With such a common principle of ethics it would be very appropriate — not only for the children, but for the world leaders — to use the Golden Rule as the slogan of their vision for the world. There is nothing more hurtful to the soul and dignity of a child, an adult or even a whole nation than the feeling of injustice. A simple injustice in a distribution of sweets among the siblings of one family can bring a big headache to the mother. Different grades for the same performance in a class can cause the teacher to lose her credibility. An extra bonus to one employee and not to the other for equal work and equal hours can end up with the employer in the court. But what is the mechanism to redress an injustice that falls upon a whole nation? For many years, and before the United Nations was established, fighting a war was the only mechanism availabe. Yet in many cases wars exacerbated the injustice.
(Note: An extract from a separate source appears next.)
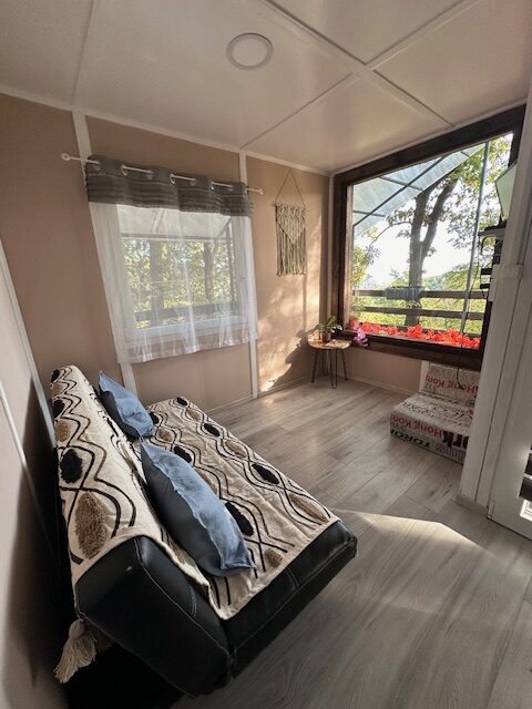 • Tágas és világos belső tér: A vendégház két különálló hálószobával rendelkezik, mindkettő kényelmes, egyszemélyes ágyakkal felszerelt, amelyek igény szerint franciaágyként is használhatók.

In the case of Palestine, the war of 1948 that erupted as a result of the unjust partitioning of Palestine, ended up with the Palestinians losing more land to the Jewish state than was originally allocated for that state. And with the war of 1967 the rest of Palestine — the West Bank which includes East Jerusalem, and the Gaza Strip — fell under Israeli occupation. The injustice continues in spite of international law which prohibits the acquisition of land by force, and despite the United Nations resolutions 242 and 338 calling on Israel to withdraw from the Occupied Territories.

How ironic it was to hear Mr. Bush at the United Nations on September 12th emphasizing the role of the Security Council. “We created the United Nations Security Council so that, unlike the League of Nations, our deliberations would be more than talk, our resolutions would be more than wishes.” Then he goes on to pose the question, “Will the United Nations serve the purpose of its founding, or will it be irrelevant?” He should not have made the mistake of asking this question because in fact it is the U.S. administration that has made the United Nations irrelevant. It has hijacked its role; its has vetoed its resolutions; its deliberations have not been more than talk, and its resolutions remain empty wishes. Maybe it will help for Mr. Bush to remember the Golden Rule, which in simple language means that whatever is good for the administration, even as a superpower, should be good enough for the rest of the world.